[Opening Data records section]

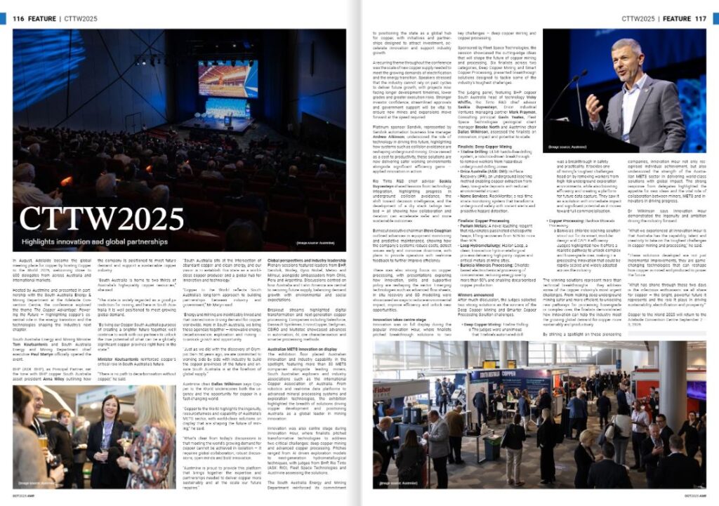 Hosted by Austmine and presented in partnership with the South Australia Energy & Mining Department at the Adelaide Convention Centre, the conference explored the theme The Copper Advantage: Powering the Future — highlighting copper’s essential role in the energy transition and the technologies shaping the industry’s next chapter.
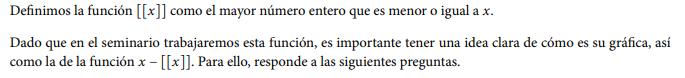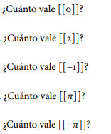 Aplicando la definición: Por ejemplo [[0]] es el mayor entero menor o igual a 0. Está claro que es el 0. Cuando el número x es entero [[x]] = x. Si x no es entero, x está entre dos enteros consecutivos n y n+1, entonces el mayor entero menor que x es n. Así π = 3,14, está entre 3 y 4, por tanto [[ π]] = 3. - π=-3,14 está entre -4 y -3 entonces el mayor entro menor que - π es -4, por tanto [[ -π]] = -4
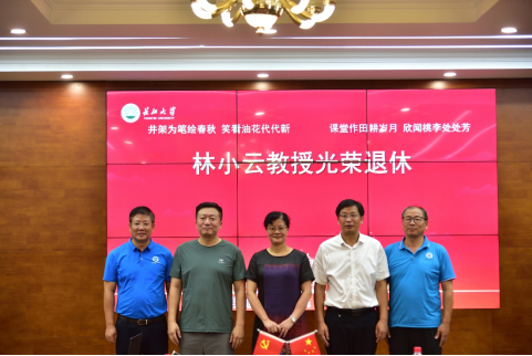 学院副院长胡忠贵代表学院向林小云教授颁发了承载着全体师生敬意与祝福的荣休纪念牌。副院长、工会主席李功权代表学院工会献上了鲜花,表达对她退休生活的美好祝愿。
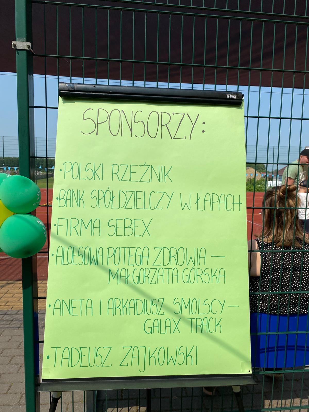 Rodzicom uczniów, w szczególności panom: Marcinowi Chojnowskiemu, Marcinowi Płońskiemu, Kamilowi Łapińskiemu, Grzegorzowi Płońskiemu za przygotowanie infrastruktury
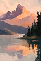 Een zacht kleurenpalet van roze en blauw omarmt de majestueuze bergen, waarvan de toppen oplichten in de avondschemering. Het kalme meer weerspiegelt deze schoonheid en creëert een vredige sfeer. Ideaal voor de slaapkamer, waar dit dromerige uitzicht je uitnodigt om te ontspannen en te dromen.
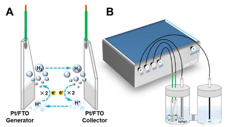 圖1、(A)集電極-發電機(CG)電池原理圖;(B)組裝在H型玻璃電解池中的三電極系統。
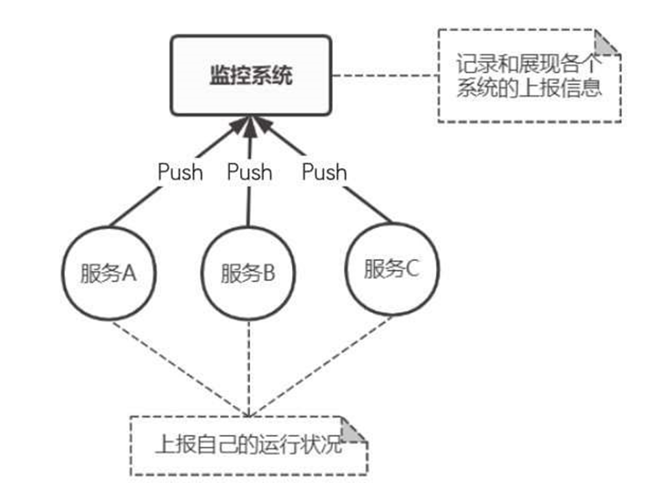 监控系统推模式架构如图3-36所示,由监控系统提供服务接口,各个系统采用定时异步的方式向监控系统主动上报自己的运行状况,包括自己的磁盘、内存、CPU、I/O、GC、线程等各方面情况。监控系统收到之后会进行记录、整理、分析,最后以图表、仪表盘等形式展现出来。

[Closing Data records section]

Work to complete ▸ Copy exactly the lines from the line that has "Een zacht kleurenpalet" through the last line of the entries above, inclusive, and no others. Pictures do not go in the copy.

Your response ▸
 Een zacht kleurenpalet van roze en blauw omarmt de majestueuze bergen, waarvan de toppen oplichten in de avondschemering. Het kalme meer weerspiegelt deze schoonheid en creëert een vredige sfeer. Ideaal voor de slaapkamer, waar dit dromerige uitzicht je uitnodigt om te ontspannen en te dromen.
 圖1、(A)集電極-發電機(CG)電池原理圖;(B)組裝在H型玻璃電解池中的三電極系統。
 监控系统推模式架构如图3-36所示,由监控系统提供服务接口,各个系统采用定时异步的方式向监控系统主动上报自己的运行状况,包括自己的磁盘、内存、CPU、I/O、GC、线程等各方面情况。监控系统收到之后会进行记录、整理、分析,最后以图表、仪表盘等形式展现出来。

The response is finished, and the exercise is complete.